Sunday, April 4, 2021

Reviewing the past decade

Over the past decade, LittleDragonInc has been a personal portfolio that has the outward appearance of a small company's website. 

Putting on rose colored glasses:
  • This portfolio has used in many contexts with satisfactory returns.
  • Indirectly through work, I have fulfilled my initial curiosities of how development, and operations might be carried out in "real world" environments.
Taking off said glasses:
  • The false sense of confidence, and complacency was detrimental in my interview preparations.
  • To the best of my approximation, the portfolio demonstrated herein, such as shown here did not positively impact my most recent job search.
On the content of this blog going forward:

Journaling was helpful in keeping me aligned during the initial trajectory of my career.
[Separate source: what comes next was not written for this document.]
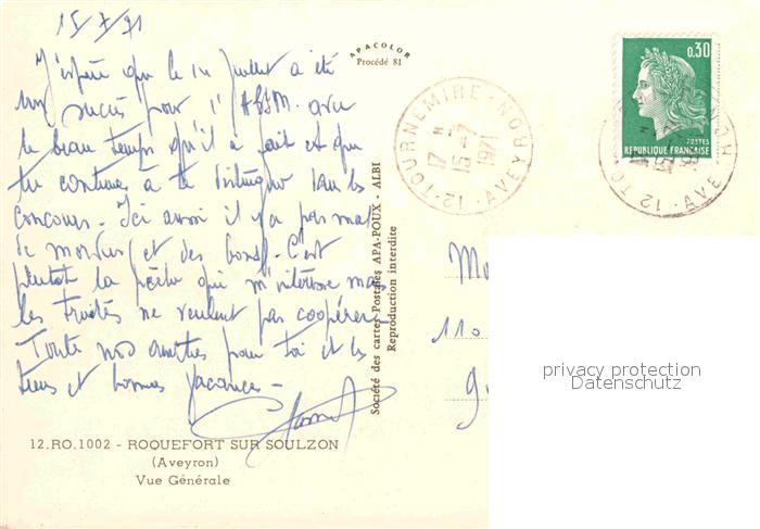 12787267 carte postale Roquefort-sur-Soulzon postalisch gelaufen Erhaltung siehe scans [LiesaD40] KatCode: 11170012112203

I don't think the personal posts have been useful even for myself in recent years. This current post is to provide closure on that particular arc.

Saturday, May 30, 2020

Notice of ceasing contractual obligations.

It is a opportune time to announce that after ten years of operations, Little Dragon Inc (LDI) has finally (in early 2020) winded down all previously entered contractual activities. The decision had been made to discontinue offering the services to new external parties many years ago. The final party that LDI was providing services to decided to shutter its business a few months before the shutdowns of 2020.

The business model that we have employed involved offering to eliminate our customers hosting, and online advertising expenses. By providing a free hosting service, it was a easy proposition for the customer:  Expand their online presence, reducing their hosting expenses down to zero, free advertising/brand management across popular services (reaching over 100k clicks per month), and free ongoing first world labor/support during non business hours.

It may be shocking to learn then, that that division of LDI has been in the red for the past ten years. After the initial introspection on revenues, and debts ten years ago; it dawned clear as day that the near zero income generated (both present, and future expected) was going to be significantly outweighed by the costs to support our operating expenses. (rent, utilities, the scholarship benefits to the unpaid help involved.)

However, through our core principle of reducing sales to a minimal, we could avoid having to waste time negotiating fees, and integrating with payment vendors. We could keep internal costs low by utilizing extreme cost savings measures. The technical side of this was hosted on free cloud services. The losses from debt burdening were just the layman's exercise to practice theoretical finance. A slightly profitable arrangement was achieved if the debt burdening wasn't in place.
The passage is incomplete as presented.